Work to be completed –
From the line holding "Ginseng and Astragalus" through the line holding "Fritz Hansen réédite" below, write out every line exactly; include both of those lines and drop the pictures.

Information shown –
*** Block opens ***

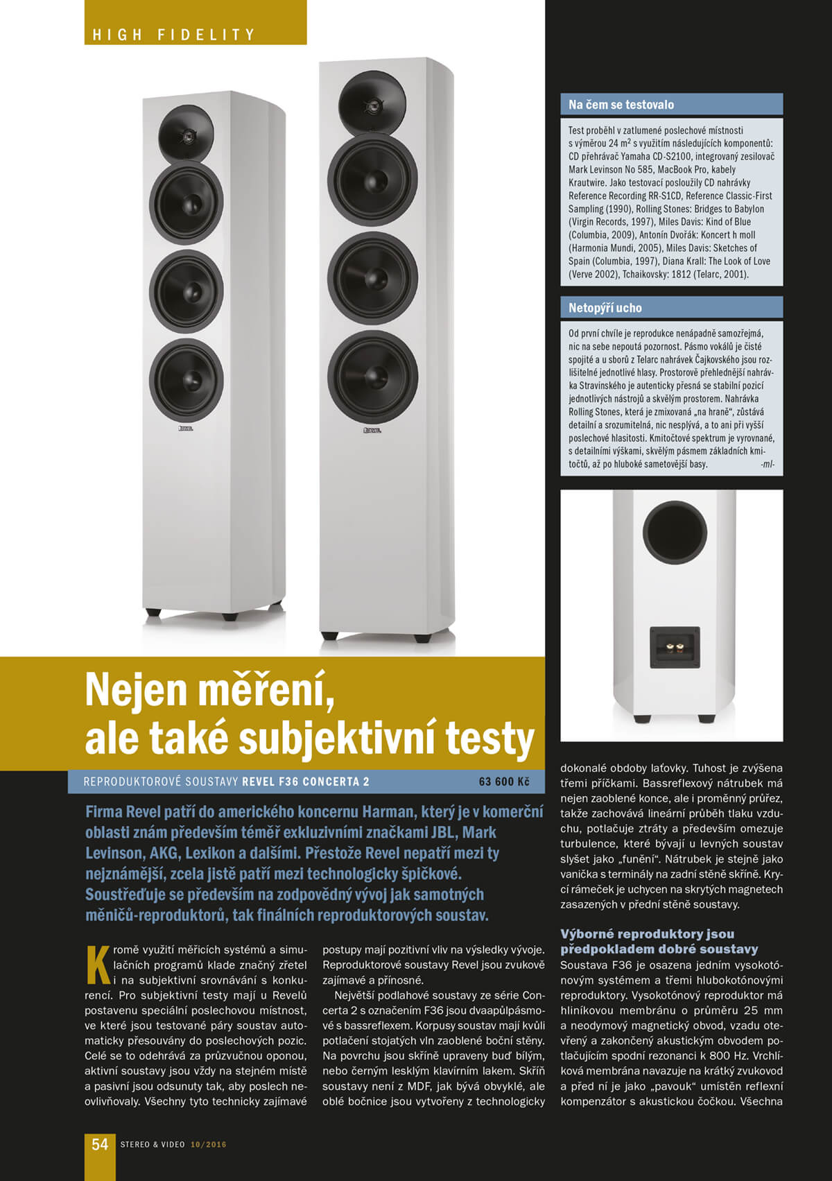 Kromě využití měřicích systémů a simulačních programů klade značný zřetel i na subjektivní srovnávání s konkurencí. Pro subjektivní testy mají u Revelů postavenu speciální poslechovou místnost, ve které jsou testované páry soustav automaticky přesouvány do poslechových pozic. Celé se to odehrává za průzvučnou oponou, aktivní soustavy jsou vždy na stejném místě a pasivní jsou odsunuty tak, aby poslech neovlivňovaly. Všechny tyto technicky zajímavé postupy mají pozitivní vliv na výsledky vývoje. Reproduktorové soustavy Revel jsou zvukově zajímavé a přínosné. Největší podlahové soustavy ze série Concerta 2 s označením F36 jsou dvaapůlpásmové s bassreflexem. Korpusy soustav mají kvůli potlačení stojatých vln zaoblené boční stěny. Na povrchu jsou skříně upraveny buď bílým, nebo černým lesklým klavírním lakem. Skříň soustavy není z MDF, jak bývá obvyklé, ale oblé bočnice jsou vytvořeny z technologicky
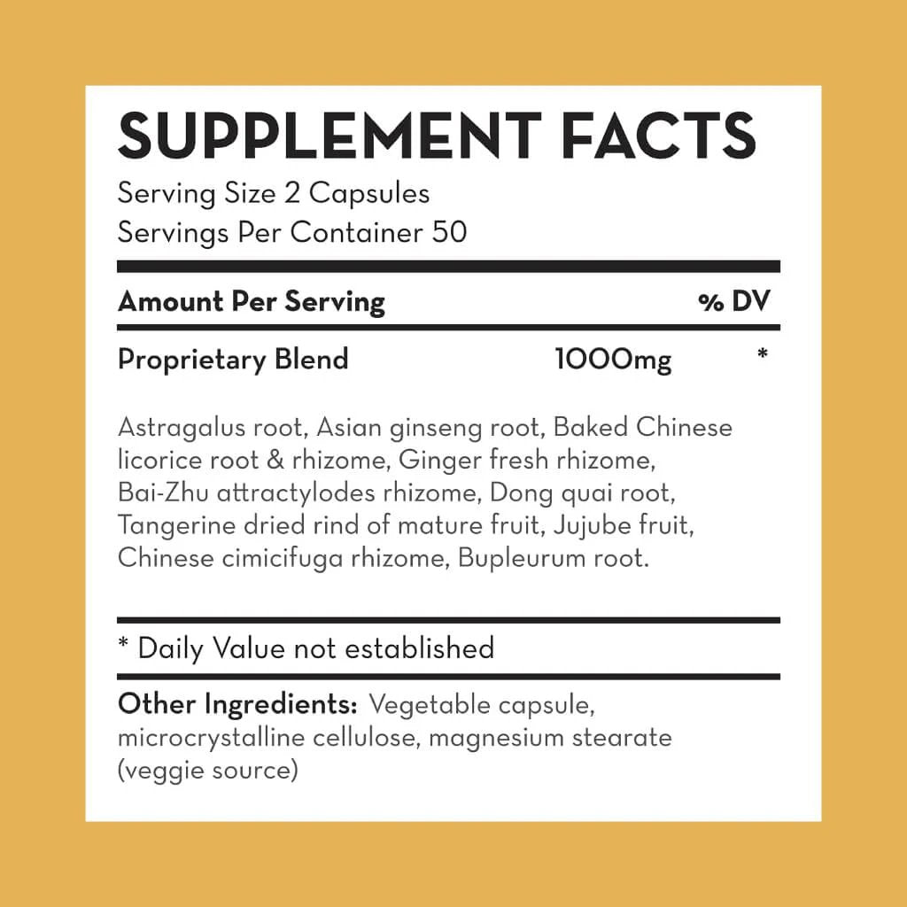 Ginseng and Astragalus Combination is a powerful formula to support depleted and rundown bodies, which have been caused by digestive issues, chronic needs, or a depleted immune system. According to Chinese herbal theory, this formula “Restores the Center, Supplements the Spleen and Stomach, and Elevates Qi.”
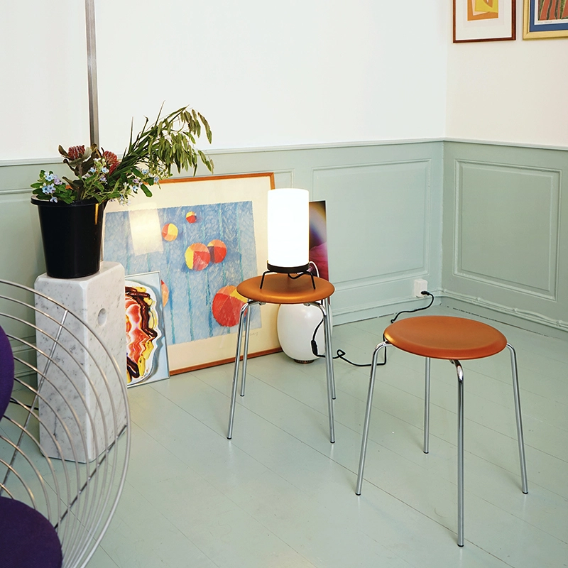Fritz Hansen réédite le tabouret Dot dans une nouvelle version, composée d'une assise revêtue de cuir et d'un piètement chromé. Le siège est réalisé à partir de chutes de cuir, provenant de la réalisation des fauteuils Egg et Swan. Le tabouret Dot, pièce emblématique du design scandinave, fut développé dans les années 50 au moment où Arne Jacobsen concevait la chaise Fourmi. Le designer passait beaucoup de temps à l'usine de Fritz Hansen, testant, affinant et finalisant son projet pour obtenir ce tabouret présenté sur le marché en 1954. Léger et empilable, le tabouret Dot offre un confort d'assise pour se placer habilement dans les pièces de votre intérieur.
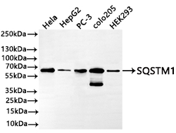 別名:A170 antibody; DMRV antibody; EBI 3 associated protein of 60 kDa antibody; EBI 3 associated protein p60 antibody; EBI3 associated protein of 60 kDa antibody; EBI3 associated protein p60 antibody; EBI3-associated protein of 60 kDa antibody; EBIAP antibody; FTDALS3 antibody; MGC127197 antibody; ORCA antibody; OSF-6 antibody; Osi antibody; OSIL antibody; Oxidative stress induced like antibody; p60 antibody; p62 antibody; p62B antibody; Paget disease of bone 3 antibody; PDB 3 antibody; PDB3 antibody; Phosphotyrosine independent ligand for the Lck SH2 domain of 62 kDa antibody; Phosphotyrosine independent ligand for the Lck SH2 domain p62 antibody; Phosphotyrosine-independent ligand for the Lck SH2 domain of 62 kDa antibody; PKC-zeta-interacting protein antibody; Protein kinase C-zeta-interacting protein antibody; Sequestosome 1 antibody; Sequestosome-1 antibody; SQSTM 1 antibody; SQSTM_HUMAN antibody; Sqstm1 antibody; STAP antibody; STONE14 antibody; Ubiquitin binding protein p62 antibody; Ubiquitin-binding protein p62 antibody; ZIP 3 antibody; ZIP antibody; ZIP3 antibody

*** Block closes ***

Result of the exercise –
 Ginseng and Astragalus Combination is a powerful formula to support depleted and rundown bodies, which have been caused by digestive issues, chronic needs, or a depleted immune system. According to Chinese herbal theory, this formula “Restores the Center, Supplements the Spleen and Stomach, and Elevates Qi.”
Fritz Hansen réédite le tabouret Dot dans une nouvelle version, composée d'une assise revêtue de cuir et d'un piètement chromé. Le siège est réalisé à partir de chutes de cuir, provenant de la réalisation des fauteuils Egg et Swan. Le tabouret Dot, pièce emblématique du design scandinave, fut développé dans les années 50 au moment où Arne Jacobsen concevait la chaise Fourmi. Le designer passait beaucoup de temps à l'usine de Fritz Hansen, testant, affinant et finalisant son projet pour obtenir ce tabouret présenté sur le marché en 1954. Léger et empilable, le tabouret Dot offre un confort d'assise pour se placer habilement dans les pièces de votre intérieur.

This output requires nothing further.